BY 2008, HARRIETT BALL ENTERPRISES INC., the corporate identity of the gravelly-voiced educator who saved Levin and Feinberg from classroom disaster, had trained teachers in Georgia, New York, Indiana, Illinois, Nevada, Arizona, Louisiana, Mississippi, Ohio, Oregon, Kentucky, California, South Carolina, Florida, Missouri, Kansas, Michigan, and of course Texas.
Ball’s clients often asked her to come back. What she called her “total body participation” approach to teaching elementary school students captivated principals and gave teachers a good physical workout while they learned the rhythms. Her Web site, harriettball.com, translated her chants and games and workbooks into the technical language that educational consultants like her needed to be taken seriously. The Web site discussed “multi-sensory teaching” and cited the work of the Harvard educational psychologist Howard Gardner, particularly his view of the importance of tactile-kinesthetic intelligence. Ball’s mnemonic technique, her Web site said, “builds long-term memory and boosts the ability to easily transfer to higher level thinking.” The Web site said, “Our Mission: Leave NO teacher OR child behind. Now the Ball is in your court. What are you going to do with it?”
Ball reminded Web site visitors that “her teaching style is divinely designed for those who are not mathematically inclined and/or learning challenged in any basic subject area.” Ball explained to her trainees: “Math is abstract, full of rules. And the rules have rules, the kids don’t know what they mean. So the kids become frustrated, and they give up. I will take what they are already familiar with, something concrete. I notice the radio plays songs over and over. You might hate the words to them, but you still remember them.”
Academic experts confirmed she was on the right track. Patricia Campbell, an associate professor of mathematics education at the University of Maryland, said students needed to understand multiplication and know when to use it to be proficient in math.

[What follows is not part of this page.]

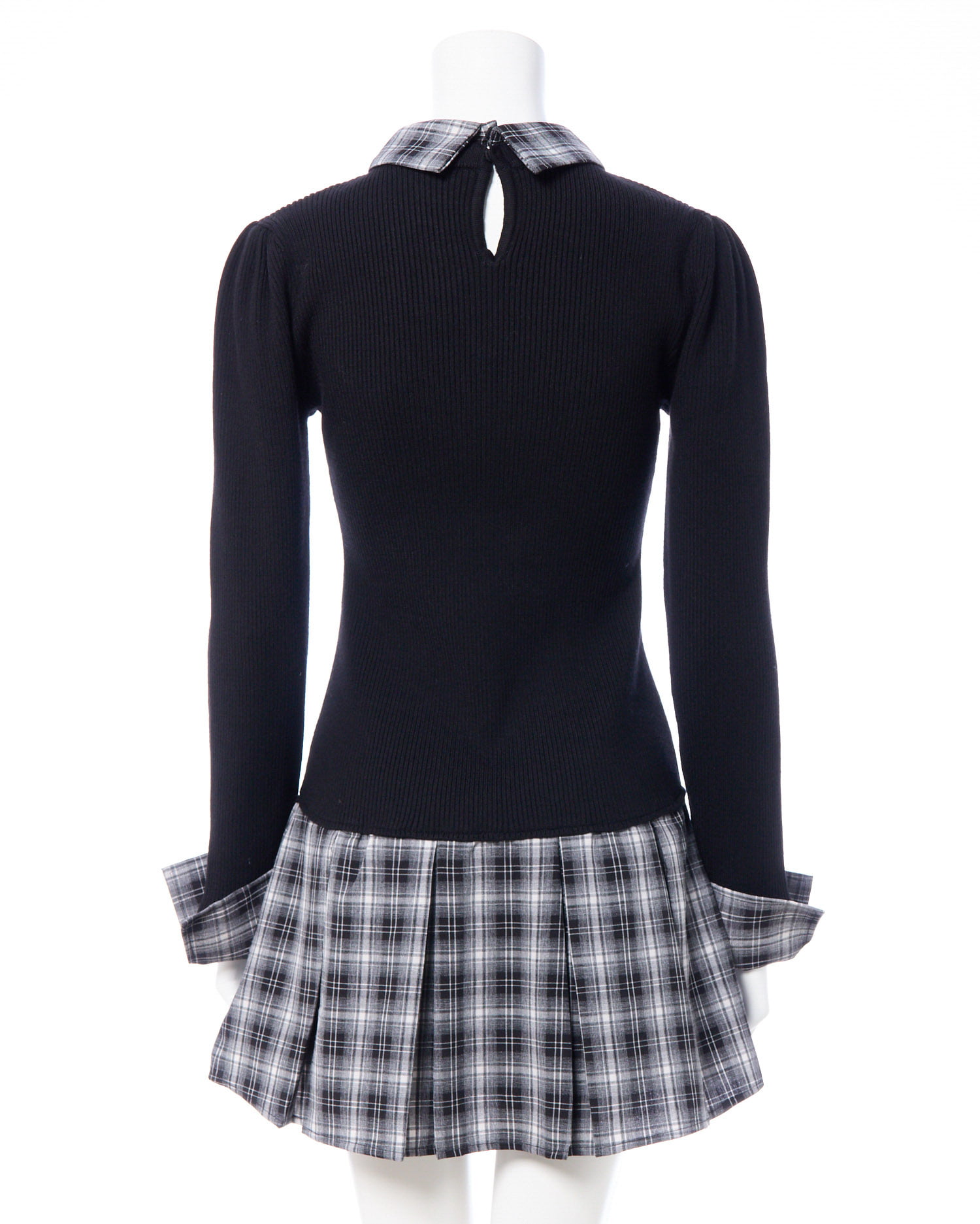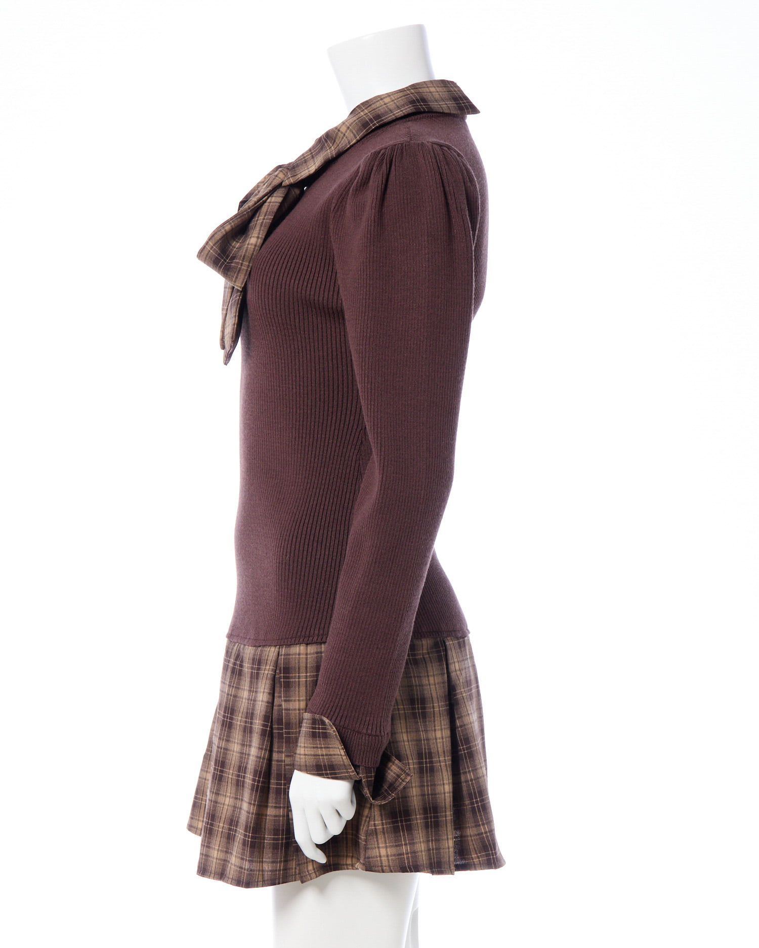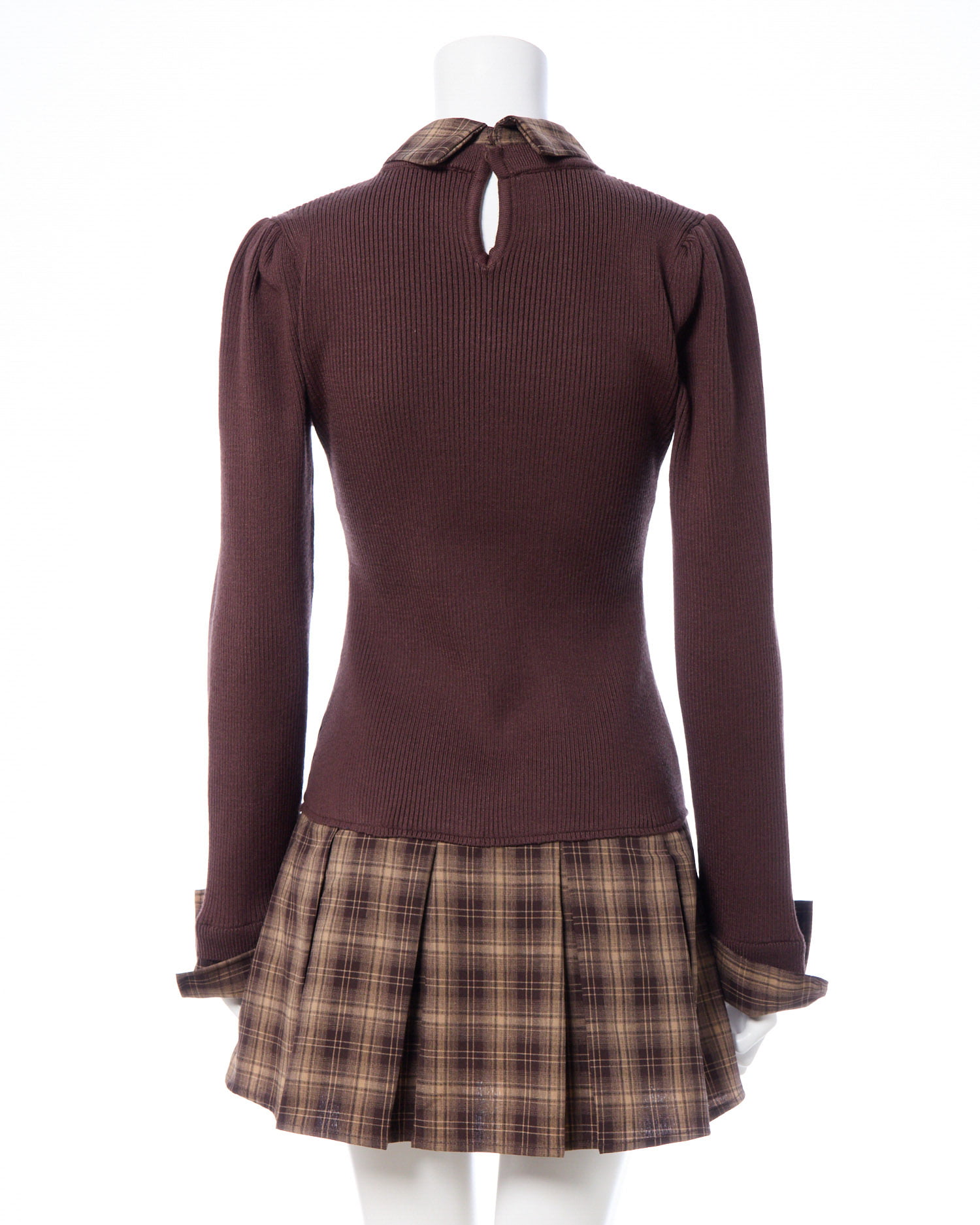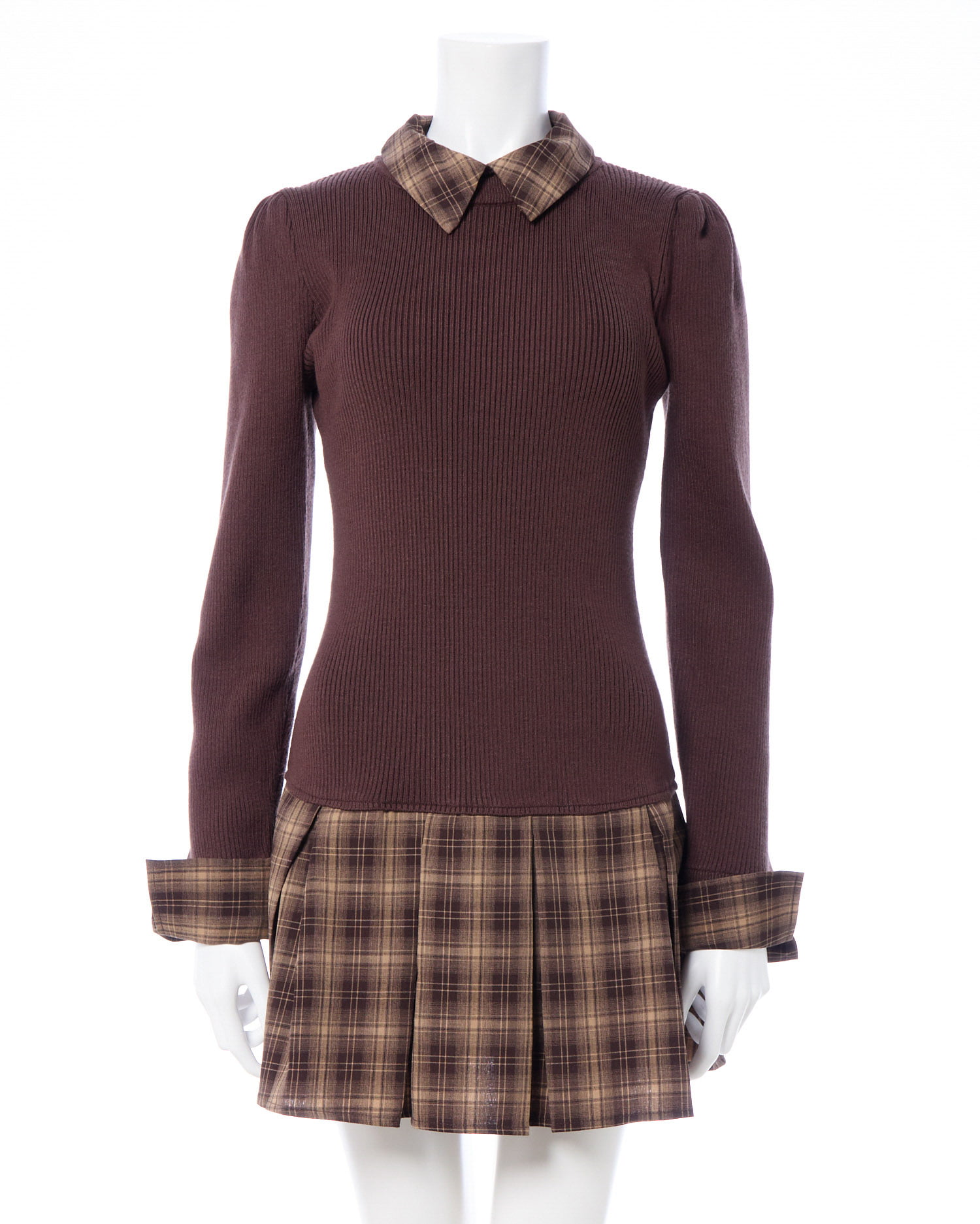 秋らしいチェック柄のシャツとニットのドッキングワンピ。

But if students didn’t remember their facts, it was harder to be proficient. A 2007 study by Accurate Learning Systems Corp. suggested that less than one in five American fifth graders knew their multiplication tables. Campbell said one of the keys to methods like Ball’s was that “the children like it, and therefore they do it, and they practice it.”
Ball had an impressive home in an affluent suburb north of Houston. She had many friends and a strong connection to her former apprentices, Levin and Feinberg. She was a regular presence at KIPP training sessions and the summer summit. Despite that success, she missed her students. In 2007 she cut back on travel and drew up plans for her own charter school. She picked out a low-income neighborhood of north Houston called Acres Homes. The school she envisioned would cover grades two to five and have a teacher-training institute so that she could invite other educators to see how it ought to be done.
She planned to start with thirty students per grade and take it from there. She had a pinched nerve in her right leg. If she had to walk long distances, she used a wheelchair. But that, she said, was fine. “Just get me in the building,” she told a friend. “They want what’s in my head, and I can teach without my legs.”
BY 2008, RAFE ESQUITH was the most interesting and influential public school classroom teacher in the country. He had become a best-selling author. His first book, There Are No Shortcuts, a short autobiography, had done well. His second book, Teach Like Your Hair’s On Fire: The Methods and Madness inside Room 56, was a sensation. He was on several best-selling lists, was being translated into foreign languages, and was speaking constantly. Yet he still arrived at Hobart each morning at 6:30 a.m. He often found several students waiting for him and his early morning thinking-skills class. He remained until dinnertime and was often in room 56 on weekends, vacations, and holidays, helping former students study for the SAT and prepare their college applications.
During one ordinary day in early 2006, there were forty students in room 56, including several alumni who had come to visit. Esquith’s fifth graders rehearsed Shakespeare, practiced music, read and discussed parts of To Kill a Mockingbird, and played a game called buzz. The class counted to one hundred, with Esquith pointing to students in turn. If the next number was a prime number, the student had to say “buzz” instead.
As in previous years, he taught his class how to play baseball, with step-by-step precision and practice as if he were teaching them how to defuse a bomb. He ran the Young Authors project, in which each student over the course of a year wrote a book. He continued to have his students learn the surprising rules of finance by running an entire economic system in the class, with paychecks, rents, and many other real-world complications.
His relationships with Levin and Feinberg had had their ups and downs. He saw imperfections in KIPP. But he also welcomed KIPP classes and teachers who wanted to see the Hobart Shakespeareans. He seemed proud that his two disciples had gone so far.
His wife, Barbara, set him straight on his more outlandish decisions. Her four children did the same. One of them, a physician named Caryn, told him that a class he had just proudly demonstrated for her “may be the worst science lesson I have ever seen.” So he found a way to get lab equipment suitable for ten-year-olds and brought the science class up to her standards. He always looked for ways to improve. He frequently puzzled people who found it hard to relate to such overwhelming dedication, but it worked for him and for his students.